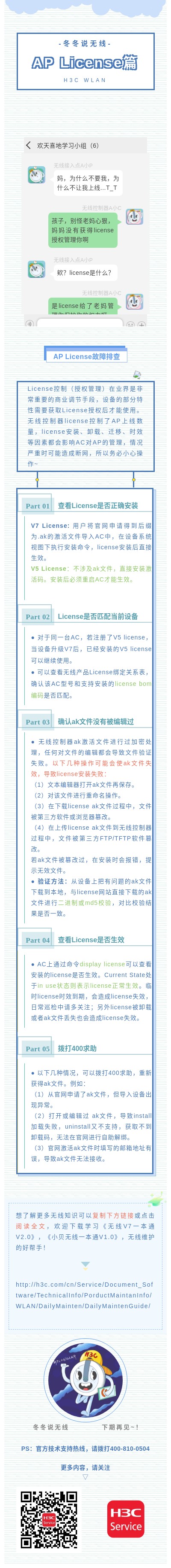 冬冬说无线 | 故障排查篇 - AP License,来源请关注新华三服务公众号-冬冬说无线栏目。
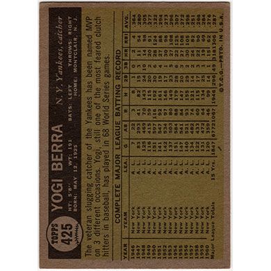 This is a 1961 Topps Yogi Berra baseball card. The card is #425. Please use photos to judge condition.
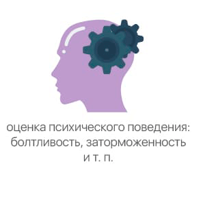 • оценка психического поведения: болтливость, заторможенность и т. п.
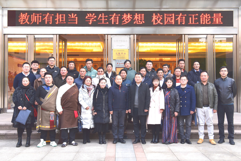 最后,藏族学员代表向学院领导敬献哈达。全体与会人员在综合楼前合影留念。
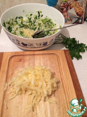 Лук мелко порубить, сельдерей натереть на крупной тёрке. Обжарить их вместе на сковороде.
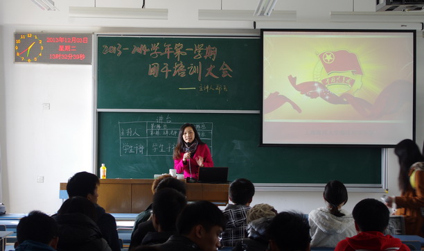2013年12月3日下午,海洋科学学院在2049教室召开团干培训大会,培训由院团委书记郑飞主讲。海洋科学学院团委成员、学生会骨干及各班班长、团支书参加培训。此次培训打破“老师讲学生听”的传统模式,而是采用理论传授与现场抢答相结合的形式,旨在营造轻松愉快的培训氛围,让广大团学干部在互动中理解共青团的工作。
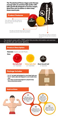 The Thunderhead Fitness trigger point therapy massage balls are premium high quality roller balls specifically designed to increase oxygen, blood flow and circulation & relieve deep tissue muscle pain.Product Features: * Three different style balls designed to treat pain points and massage specific areas of the body. * The balls are built with high quality therapeutic materials that promote relief and rejuvenation. * The carrying case makes it convenient to bring your therapy balls everywhere you go. * Our product comes with a FREE guide that provides information and exercises for specific pain and muscle tightness. Product Description: Materials: Rubber and Soft Plastic Sizes: Red Spiky Ball 3.5” diameter - Yellow Spiky Ball 2.5” diameter - Black Smooth ball 2’ diameter Package Includes: * Carrying Case * (1) 3.5” red spiky ball designed to cover larger body area * (1) 2.5” yellow spiky ball designed to cover smaller body area * (1) 2” black smooth ball designed to pinpoint deep tissue and pressure points Using Instructions: 1. Pick one of the three balls depending on area of muscle focus. 2. Using a wall or floor, place the ball between the muscle and the flat wall or floor surface. 3. Use your body weight to gently ease the ball into the muscle by making small rolling movements. 4. Experiment with the different ball styles for different muscle pain and trigger point therapyWe believe in “100% Guaranteed”. It represents our philosophy of sharing the best of times with our customers and our promise to deliver a premium therapy product to you, your family and your friends. We pride ourselves on customer service and will do whatever it takes to make you happy.
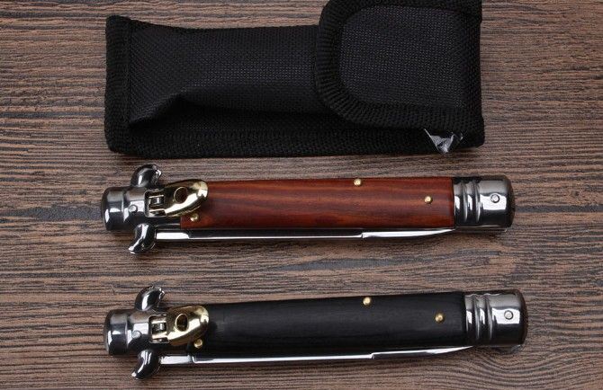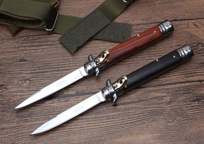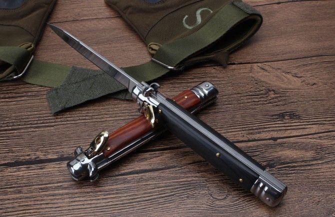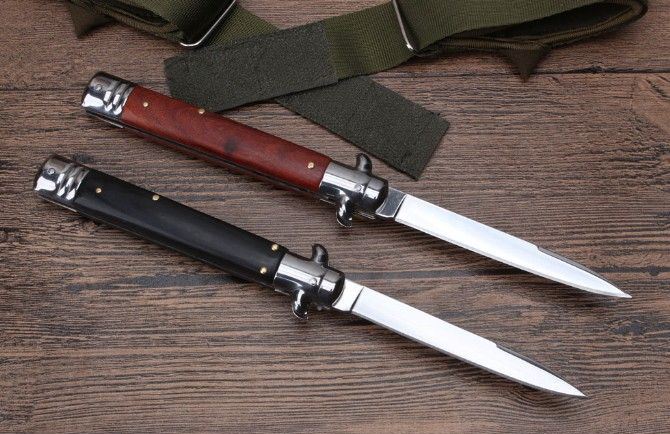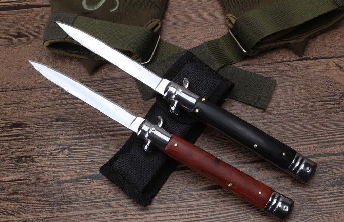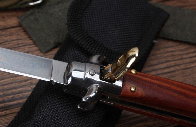 2017款11寸意大利AKC古典跳刀酸枝木柄 全长:24CM 刃长:10CM 刃厚:0.25MM 刃材料:5CR13MOV 硬度:HRC58 柄材料:双钢头+酸枝木 重量:124克(净重) 146(毛重) 附送尼龙套彩盒
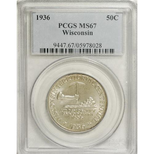 <B>1936 50C Wisconsin MS67 PCGS.</B></I> Subtly lustrous with suitable detail. Each side of this surprisingly well-preserved Superb Gem displays attractive blue-gray patina.<BR><BR><b>Shipping:</b> Coins & Currency (<a target="_blank" href="http://www.heritageauctions.com/common/shipping.php">view shipping information</a>)
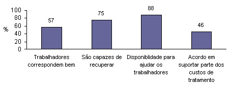 Os três grupos de participantes concordavam que os trabalhadores com problemas de álcool e drogas podiam ser ajudados. Os representantes das organizações de trabalhadores (mais do que os representantes das empresas) consideravam que as respectivas organizações deviam fornecer assistência aos trabalhadores e possuíam a responsabilidade de apoiar o tratamento, pagando os custos inerentes. Apenas um terço dos participantes concordava que deveriam suportar os custos do tratamento de um trabalhador.
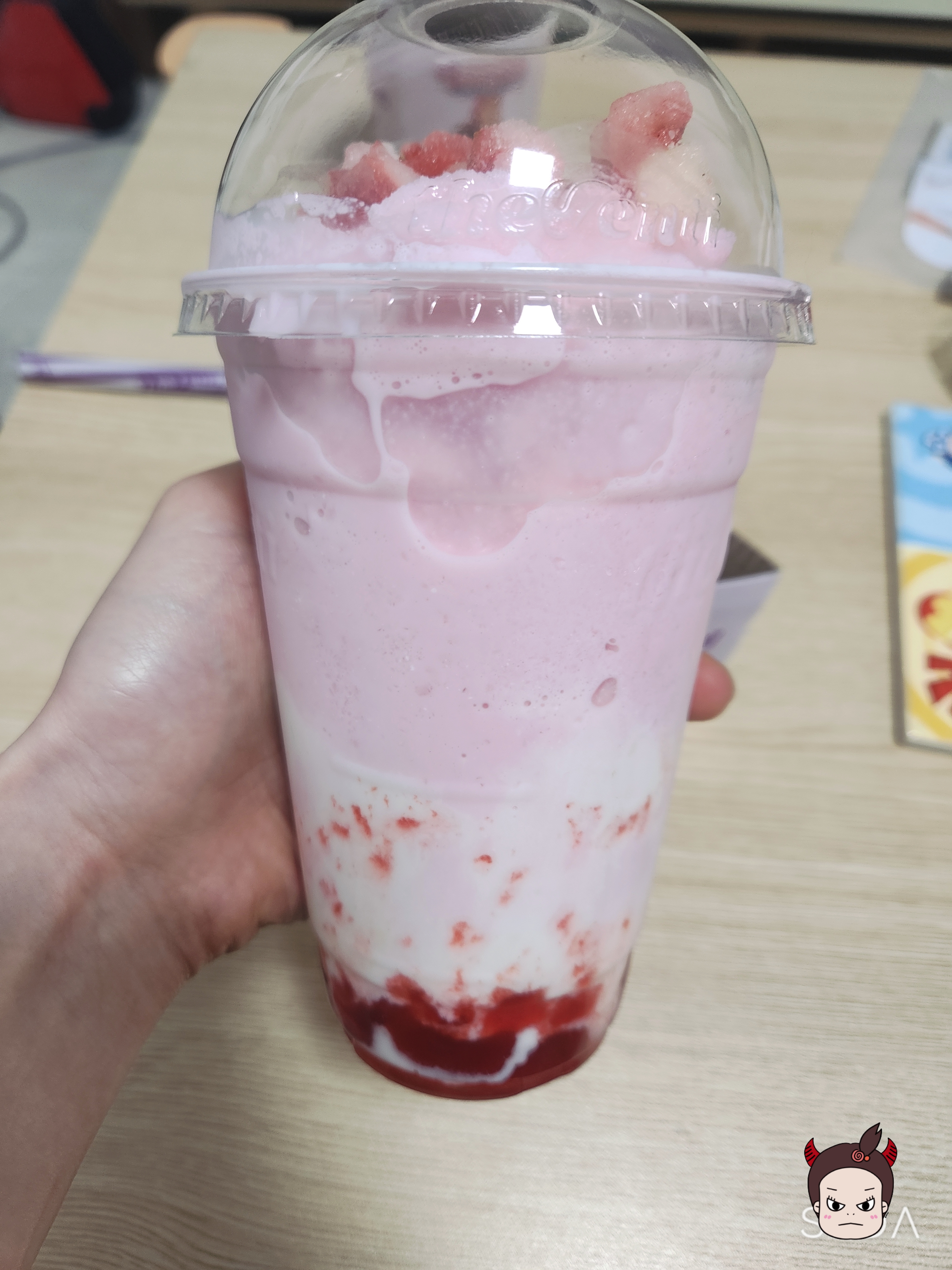 기본 베이스는 딸기 스무디 인 것 같은데 아래 딸기청과 위에 냉동딸기 큐브가 올라가있네요.
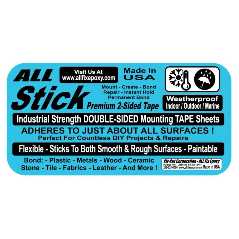All-Stick premium heavy duty mounting tape sheets is a space age double-sided bonding product that that joins materials in an instant! Unique sheet design for custom projects and applications. Provides permanent long lasting weather proof bonds to all types of materials: ceramic, plastic, stone, fiberglass, metal, wood, brick, laminates, composites, fabric, leather, glass and many more. All-Stick premium heavy duty mounting tape is specially designed for both indoor and outdoor applications. The unique flexible tape will adhere to both smooth and rough surfaces.
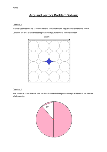Arcs and Sectors Problem Solving Worksheet Teaching Resources
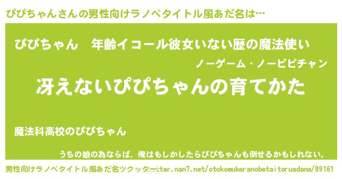 | 女子向けラノベタイトル風あだ名 | 『シンデレラぴぴちゃん家の靴箱館』 |
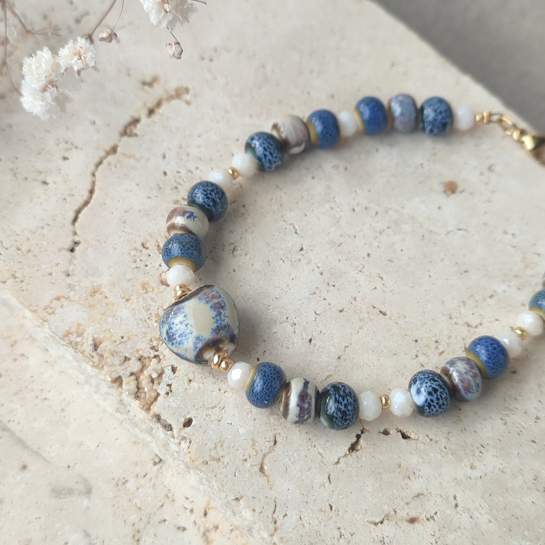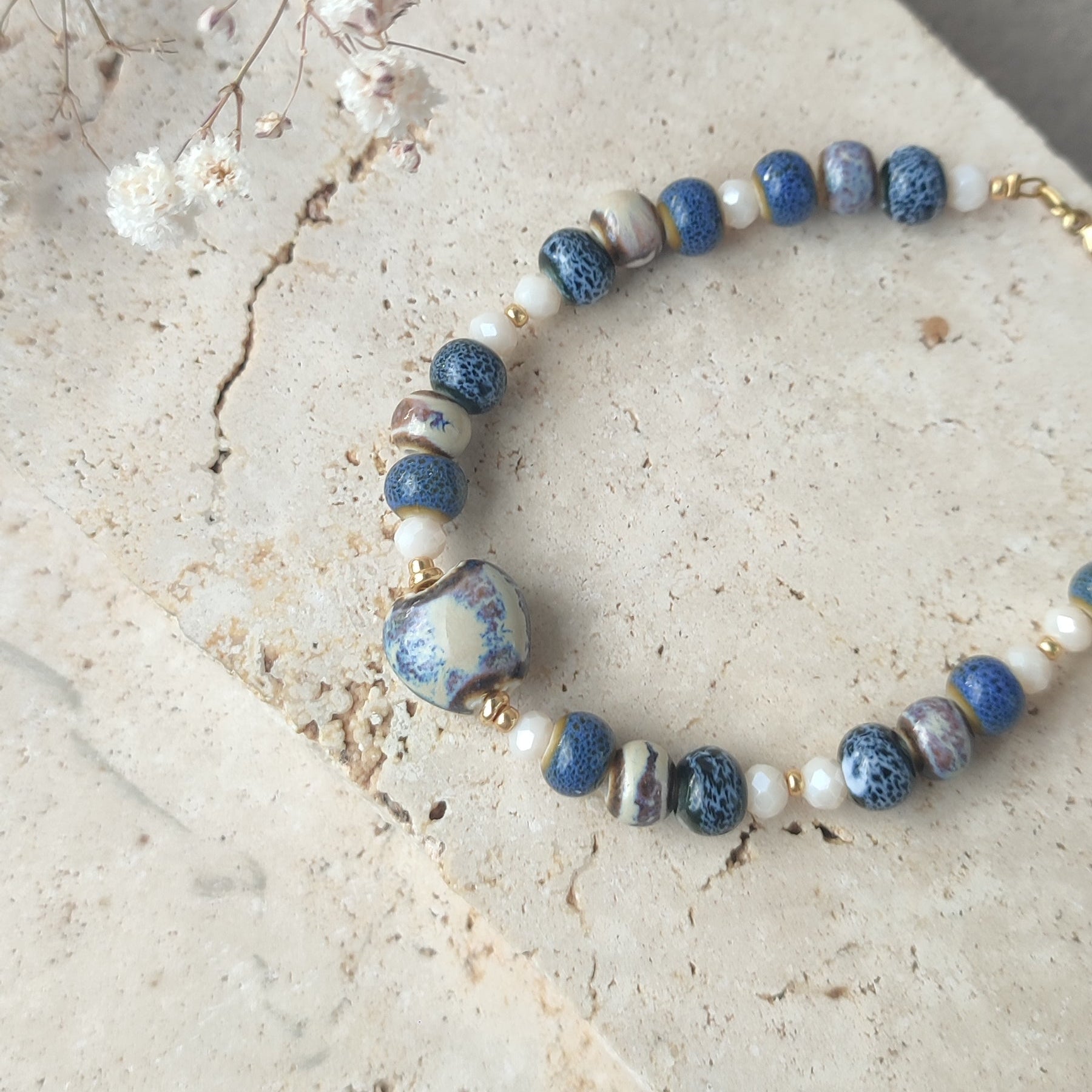 Impossible d'avoir deux fois le même bijoux puisque chaque perle en céramique est différente
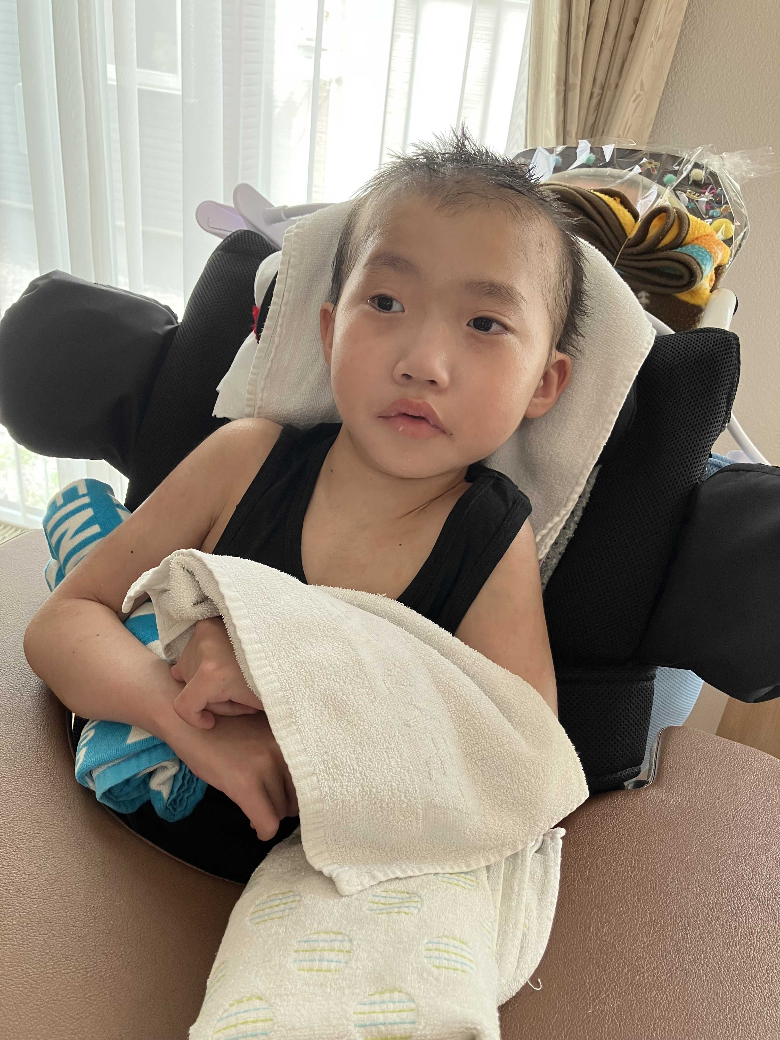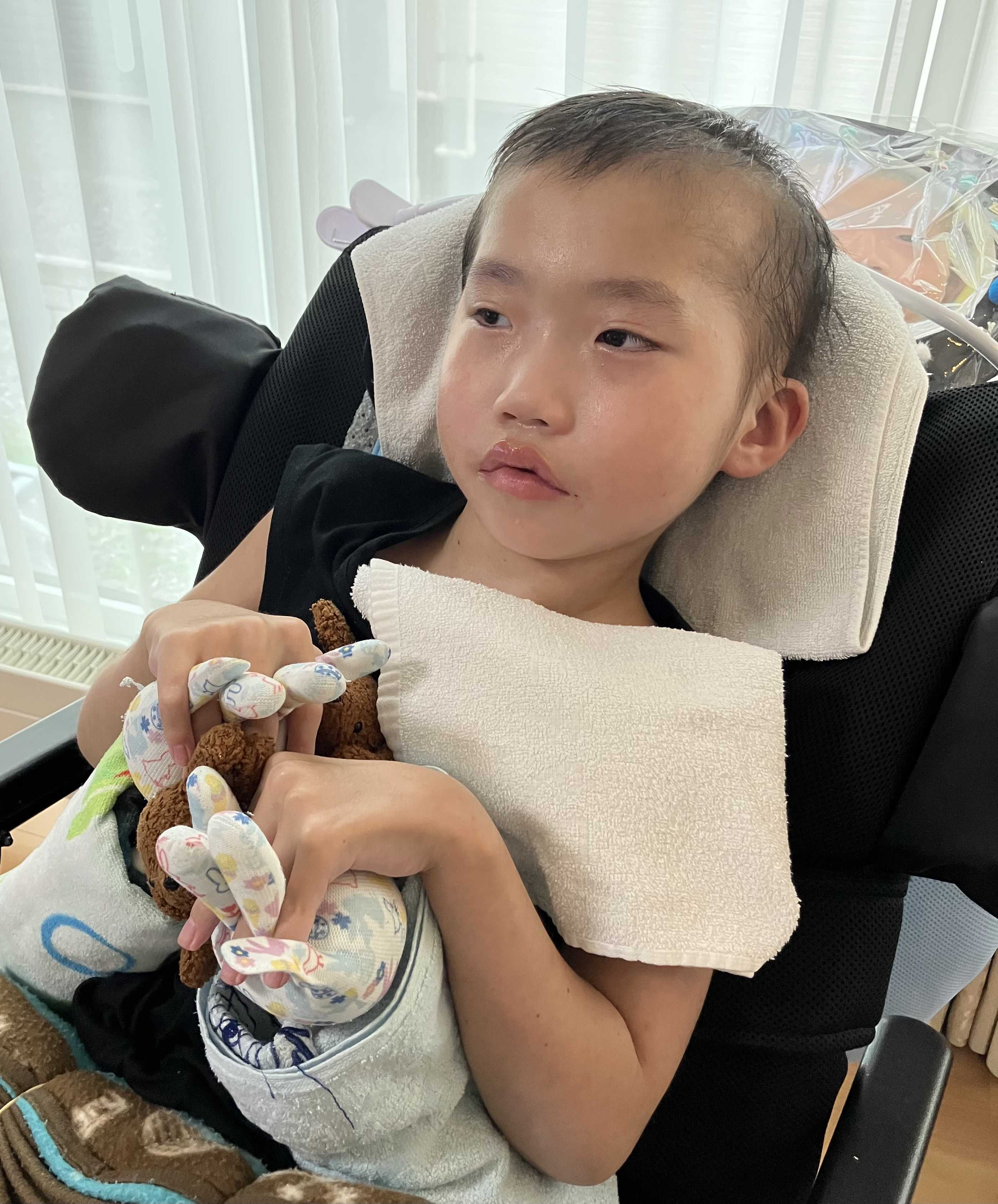 ~10歳長男🐻(小5)~昨日は、おうちでゆっくりした長男🐻びっくりするくらい穏やかさんでした😳最近はまとまって寝てくれるようにもなり…寝れるくらい体が楽なんだなぁと思いますし、夜眠れるようになったことは本当に良かったです😌お互いに 笑😆 睡眠大事👍でも静かすぎてちょっと心配になりましたね😅シャワー浴もあって、看護師さんがバイタルチェックをしてくれましたが、問題なし👍シャワー中もうっとりしていたそうです😄気持ちよかったね🤗先日の整形診察の際に、筋緊張が強いのに伴って側弯が強くなってるからコルセットを使ってもいいのかも…というお話があったそうで、側弯が強いなということは、家族としても強く感じるところです😣このまま側弯変形がひどくなると呼吸のほうにも影響が出る可能性があるため、なんとか予防したい…。ただコルセットとなると、座ったり歩くことがあれば必要かなと思いますが、寝たきりでバギーに座ってることが多い長男🐻の場合、コルセットによる皮膚トラブルも懸念されます💦まずは筋緊張亢進に伴う変形増強であれば、ボトックス注射かガバペン増量が今できる選択肢になるのかなと思うので…まずは次回の受診時にボトックス注射の予約をして、経過をみていきたいと思います🙏

*-*-*

● TASK
Repeat the records above exactly, from the first line through the line containing "The Thunderhead Fitness", and leave out the pictures.

● SOLUTION TO THIS EXERCISE
 冬冬说无线 | 故障排查篇 - AP License,来源请关注新华三服务公众号-冬冬说无线栏目。
 This is a 1961 Topps Yogi Berra baseball card. The card is #425. Please use photos to judge condition.
 • оценка психического поведения: болтливость, заторможенность и т. п.
 最后,藏族学员代表向学院领导敬献哈达。全体与会人员在综合楼前合影留念。
 Лук мелко порубить, сельдерей натереть на крупной тёрке. Обжарить их вместе на сковороде.
2013年12月3日下午,海洋科学学院在2049教室召开团干培训大会,培训由院团委书记郑飞主讲。海洋科学学院团委成员、学生会骨干及各班班长、团支书参加培训。此次培训打破“老师讲学生听”的传统模式,而是采用理论传授与现场抢答相结合的形式,旨在营造轻松愉快的培训氛围,让广大团学干部在互动中理解共青团的工作。
 The Thunderhead Fitness trigger point therapy massage balls are premium high quality roller balls specifically designed to increase oxygen, blood flow and circulation & relieve deep tissue muscle pain.Product Features: * Three different style balls designed to treat pain points and massage specific areas of the body. * The balls are built with high quality therapeutic materials that promote relief and rejuvenation. * The carrying case makes it convenient to bring your therapy balls everywhere you go. * Our product comes with a FREE guide that provides information and exercises for specific pain and muscle tightness. Product Description: Materials: Rubber and Soft Plastic Sizes: Red Spiky Ball 3.5” diameter - Yellow Spiky Ball 2.5” diameter - Black Smooth ball 2’ diameter Package Includes: * Carrying Case * (1) 3.5” red spiky ball designed to cover larger body area * (1) 2.5” yellow spiky ball designed to cover smaller body area * (1) 2” black smooth ball designed to pinpoint deep tissue and pressure points Using Instructions: 1. Pick one of the three balls depending on area of muscle focus. 2. Using a wall or floor, place the ball between the muscle and the flat wall or floor surface. 3. Use your body weight to gently ease the ball into the muscle by making small rolling movements. 4. Experiment with the different ball styles for different muscle pain and trigger point therapyWe believe in “100% Guaranteed”. It represents our philosophy of sharing the best of times with our customers and our promise to deliver a premium therapy product to you, your family and your friends. We pride ourselves on customer service and will do whatever it takes to make you happy.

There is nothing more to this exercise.